WORK REQUEST: Skip all pictures, then copy the lines from the start of the data through the line with "Carregador veicular com", keeping both ends.

THE DATA:
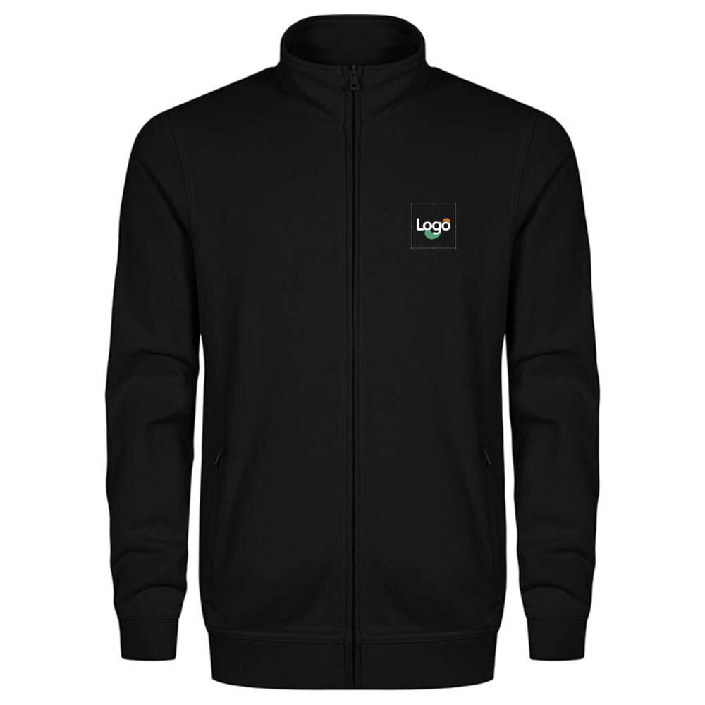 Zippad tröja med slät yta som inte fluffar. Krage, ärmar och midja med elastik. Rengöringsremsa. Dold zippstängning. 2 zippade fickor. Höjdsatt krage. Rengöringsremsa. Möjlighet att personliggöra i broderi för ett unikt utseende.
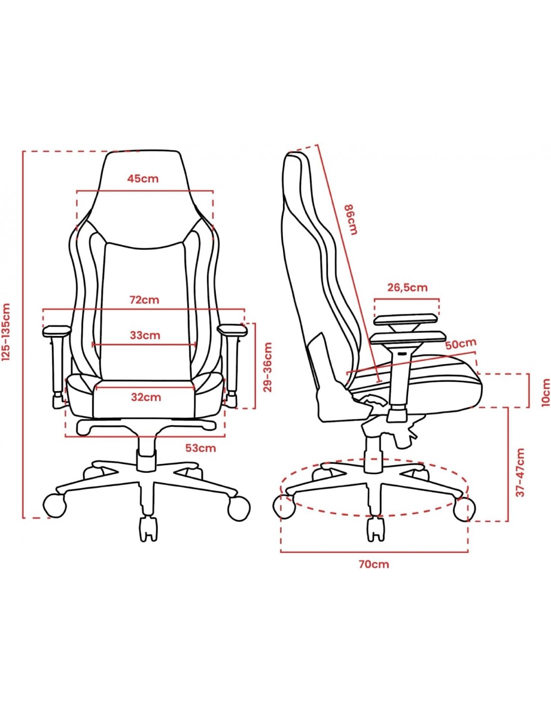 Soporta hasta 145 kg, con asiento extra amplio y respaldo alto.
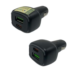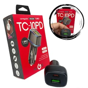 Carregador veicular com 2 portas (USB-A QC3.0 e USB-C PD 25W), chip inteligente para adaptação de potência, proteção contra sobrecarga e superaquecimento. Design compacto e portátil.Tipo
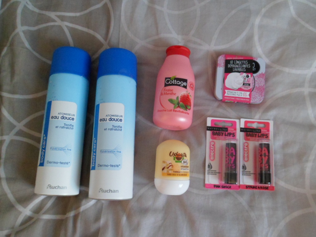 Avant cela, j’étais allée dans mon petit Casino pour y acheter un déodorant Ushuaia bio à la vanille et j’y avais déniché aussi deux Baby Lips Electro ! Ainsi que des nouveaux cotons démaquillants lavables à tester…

RESPONSE TO THIS TASK:
 Zippad tröja med slät yta som inte fluffar. Krage, ärmar och midja med elastik. Rengöringsremsa. Dold zippstängning. 2 zippade fickor. Höjdsatt krage. Rengöringsremsa. Möjlighet att personliggöra i broderi för ett unikt utseende.
 Soporta hasta 145 kg, con asiento extra amplio y respaldo alto.
 Carregador veicular com 2 portas (USB-A QC3.0 e USB-C PD 25W), chip inteligente para adaptação de potência, proteção contra sobrecarga e superaquecimento. Design compacto e portátil.Tipo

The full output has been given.